DiffEqML / torchdyn

A PyTorch library entirely dedicated to neural differential equations, implicit models and related numerical methods
https://torchdyn.org
Apache License 2.0
1.35k stars 125 forks source link

NeuralODE adjoint incompatable with PytorchLighting gpus #116

Closed Bawaw closed 3 years ago

Bawaw commented 3 years ago

Hi torchdyn team,

Good job maintaining this library, I really like the new v1.0 release!

However, I might have encountered an issue when playing with the library... It happens when I run the following example code:

import torch
import pytorch_lightning as pl
from torchdyn.core import NeuralODE

class Learner(pl.LightningModule):
    def __init__(self, model:torch.nn.Module):
        super().__init__()
        self.model = model

    def forward(self, x):
        return self.model(x)

    def training_step(self, batch, batch_idx):
        print()
        print("Learner is on device: {}".format(self.device))
        print("Model is on device: {}".format(self.model.device))
        print("Model is on device: {}".format(self.model.vf_params.device))
        print()

        x = batch[0]
        _, z = self.model(x, torch.linspace(0, 1, 100))
        loss = z.abs().mean()
        return {'loss': loss}

    def configure_optimizers(self):
        return torch.optim.Adam(self.model.parameters(), lr=0.01)

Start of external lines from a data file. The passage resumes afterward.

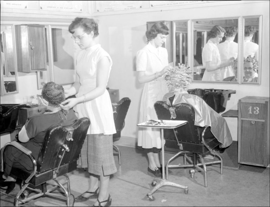 Il s'agit des étudiantes du cours de coiffure de l'École centrale d'arts et métiers située sur la rue Saint-Denis à Montréal. Les images seront utilisées pour illustrer la «Revue technique». Nous remarquons les apprenties avec les clientes. La scène a été photographiée pour la Revue Technique et le ministère du Bien-être social et de la Jeunesse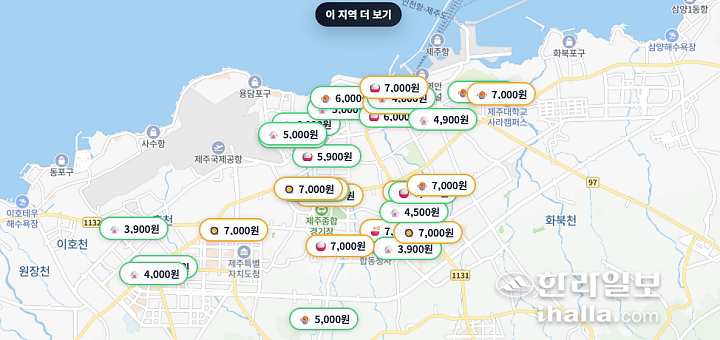 한편 한국소비자원 가격정보 종합 포털 참가격에 따르면 지난달 제주지역 칼국수 가격은 1만375원으로 전국에서 가장 비쌌다. 김밥은 지난해 3월 3375원에서 지난달 3625원으로 7.4%가량 올랐다. 같은 기간 냉면은 9250원에서 9750원으로 5.4%, 삼계탕은 15750원에서 16250원으로 7.1% 가격이 상승했다.
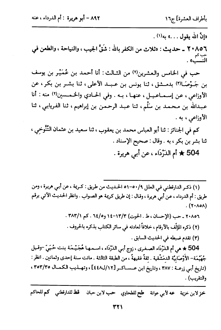 20856 - حديث (حب كم) : "ثلاث من الكفر بالله: شَق الجيب، والنياحة، والطعن في النسب".
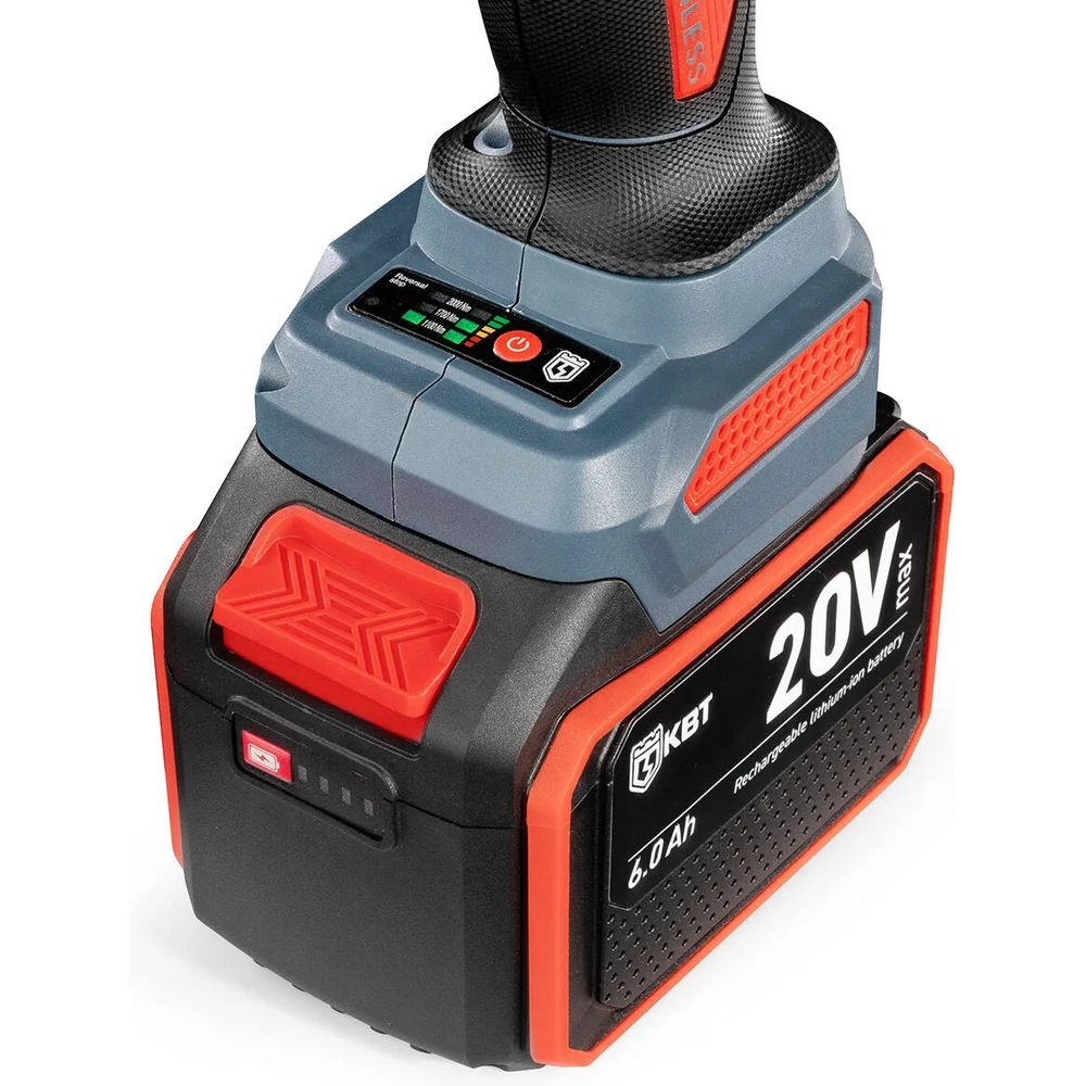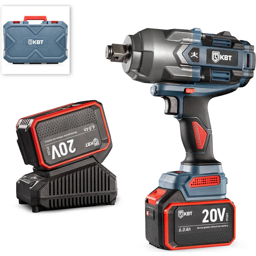 Комплектация Бесщеточный ударный гайковерт WB-20-2000; 2 аккумуляторные батареи: Li-Ion, 20 В/6Ач; Зарядное устройство от сети 230 В; Фиксирующий штифт и резиновое кольцо для его фиксации; Прочный пластиковый кейс; Паспорт; Картонная коробка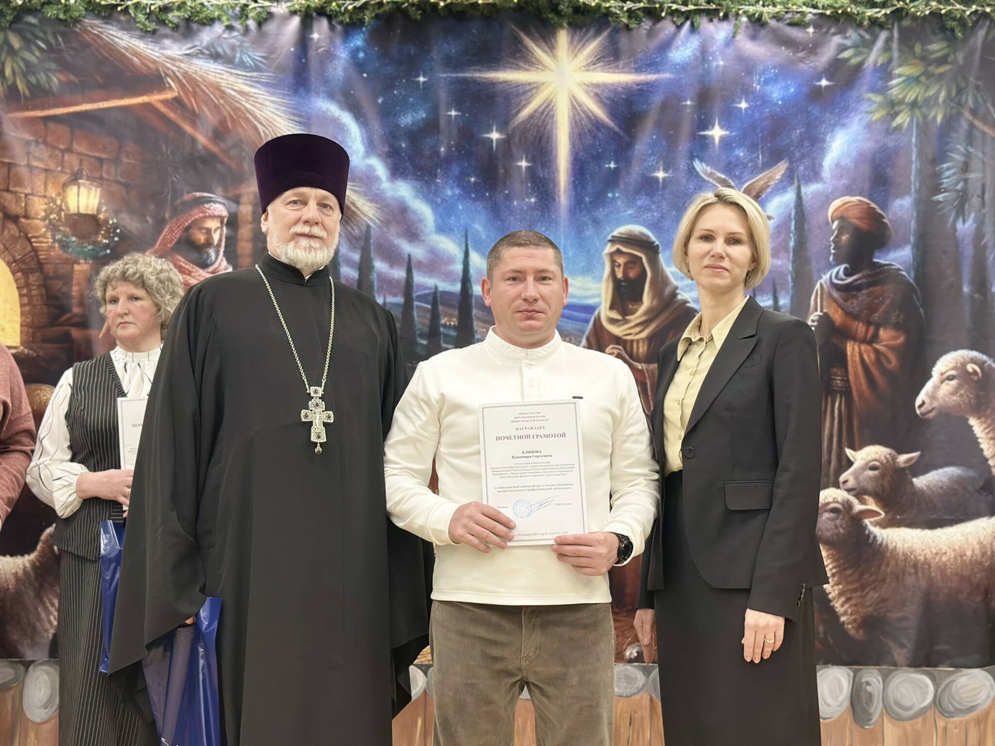 Почетными грамотами Министерства образования и науки Нижегородской области были отмечены учителя, проявившие особое усердие в обучении и воспитании подрастающего поколения. Среди награжденных педагоги Борского благочиния—Блинов Владимир Сергеевич учитель физической культуры и технологии православной гимназии во имя святого благоверного князя Димитрия Донского, Уткина Ирина Карповна заместитель заведующего православного детского сада во имя преподобного Сергия Радонежского. Поздравляем с заслуженной наградой!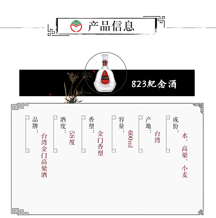 中国台湾金门高粱酒823纯粮58度600ml/010628 纯粮酿造古法传承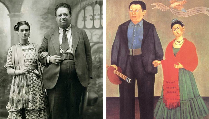 «У моєму житті було 2 аварії: одна — коли автобус врізався у трамвай, інша — це Дієго». З Дієго Ріверою Фріда познайомилася через кілька років після катастрофи. Молода художниця вирішила показати йому свої роботи, які маститий живописець оцінив досить високо. Між ними пробігла іскра. Закохана пара зіграла весілля в 1929 році. Їй було 22, йому — 43. Він був негарний, досить повний, але надзвичайно привабливий. Їх екстравагантну пару так і називали: «Слон і Голубка».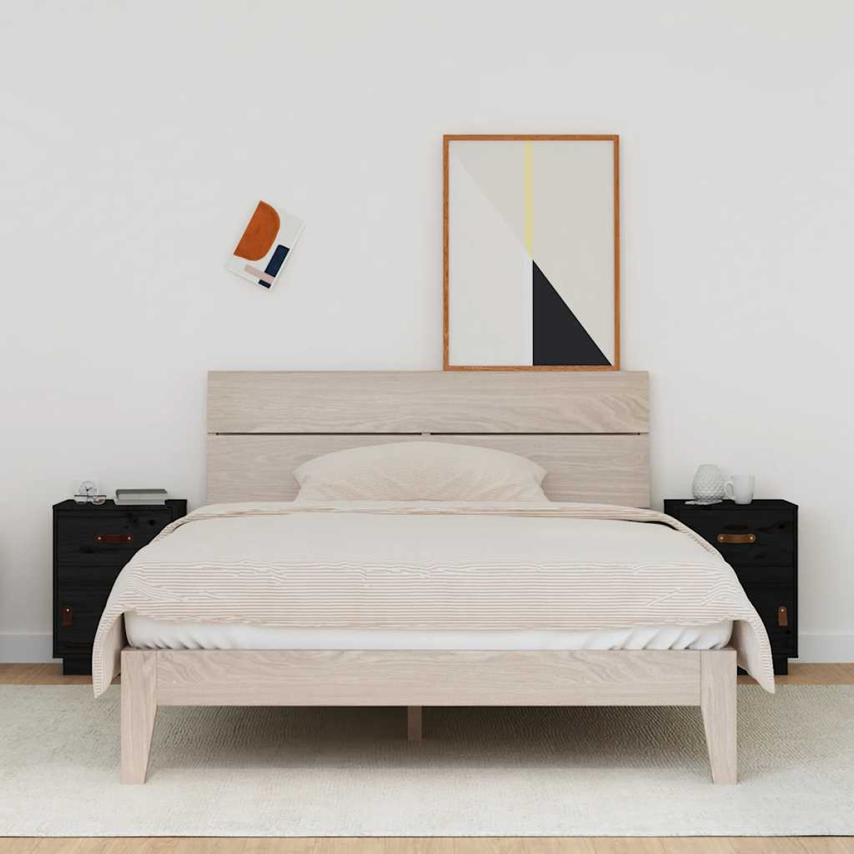 These wooden bedside cabinets with an elegant design make a timeless addition to your interior decor. Solid pine wood: Solid pine wood is a beautiful natural material. Pine wood has a straight grain, and the knots give the material its signature, rustic look.Ample storage space: Featuring 1 drawer and 1 compartment with door, having a faux leather handle on each, each cabinet offers ample storage space for keeping your magazines, books, DVDs, multimedia devices, and other decorative items well organised and within reach.Flexible door installation: The door of the bedside table can be installed on the left or right according to your personal habits and convenience.Sturdy top: The sturdy top of the side cabinet is ideal for displaying decorative objects, photo frames, or potted plants. Note:Each product comes with an assembly manual in the box for easy assembly. Warning:In order to prevent overturning, this product must be used with the wall attachment device provided.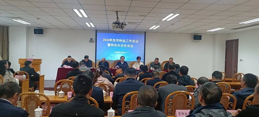 1月30日,全市林业工作会议暨林长办主任会议召开。会议深入学习贯彻中央和省委、市委经济工作会议、农村工作会议及全国林草工作会议、全省林业工作会议暨林长办主任会议精神,交流先进工作经验,总结2025年及“十四五”时期全市林业工作成效,部署2026年林业重点工作。市林业局党组书记、局长、市林长办主任郑进锡出席会议并讲话,市林业局党组成员、副局长黄玉真主持会议。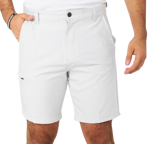 These Flex Zip Hybrid Shorts combine polyester and spandex for enhanced stretch and comfort. Featuring a solid color, button-fly zip front closure, 9 inch inseam, side seam and back pockets, they offer a sleek look with practical design. Built-in UV protection adds extra performance for active days.
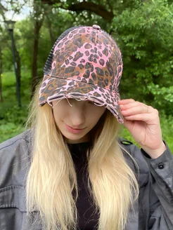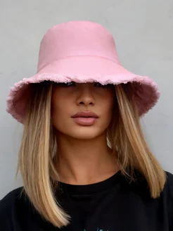 Панама летняя розовая хлопок с бахромой с рваными краями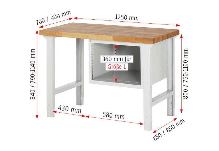 - Systemunterbau, B1250 x T650 x H800 mm.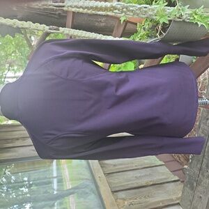 Women's purple activewear top with mock neck collar that unzips on one side. Fitted through the body and bells out at hem. Ribbing accent throughout. Thumb holes. Stretchy. Size small. Good pre-owned condition.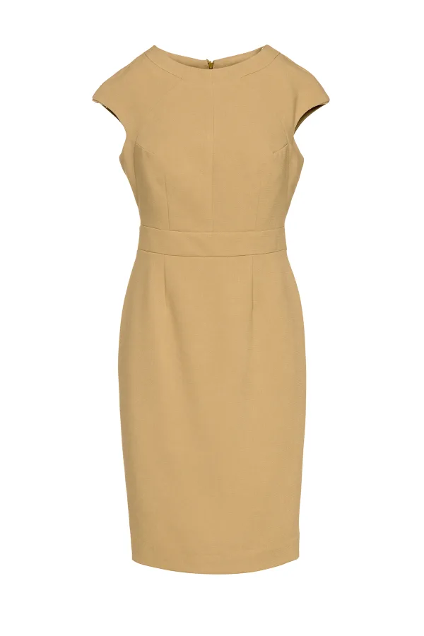Effen camelkleurige jurk met kapmouwen. Prijzen

    def train_dataloader(self):
        dataset = torch.utils.data.TensorDataset(torch.randn(10, 1))
        return torch.utils.data.DataLoader(dataset)

f = torch.nn.Sequential(
        torch.nn.Linear(1, 16),
        torch.nn.Tanh(),
        torch.nn.Linear(16, 1)
    )

model = NeuralODE(f, sensitivity='adjoint')
learn = Learner(model)
trainer = pl.Trainer(min_epochs=1, max_epochs=5, gpus=1)
trainer.fit(learn)

I get the following error:

"/path/python3.9/site-packages/torch/autograd/__init__.py", line 147, in backwar
    Variable._execution_engine.run_backward(
RuntimeError: Function _ODEProblemFuncBackward returned an invalid gradient at index 0 - expected type TensorOptions(dtype=float, device=cpu, layout=Strided, 
lopt)) but got TensorOptions(dtype=float, device=cuda:0, layout=Strided, requires_grad=false (default), pinned_memory=false (default), memory_format=(nullopt)

I think it might be related to the NeuralODE.vf_params which are still on the CPU during training.  Is this a known issue, sensitivity='autograd' or model = NeuralODE(f, sensitivity='adjoint').to(gpu) work find by the way. 

I'm on linux (Ubuntu 18.04.5 LTS), lib versions:

python.version 'Python 3.9.6' torch.version '1.9.0' pl.version '1.4.0' torchdyn.version '1.0'

Best

massastrello commented 3 years ago

The issue was cause by how we created the autograd function in ODEProblem (thus inherited by NeuralODE). The problem should now be fixed. Could you please try running your code again?

Bawaw commented 3 years ago

Works like a charm, thank you for the quick response!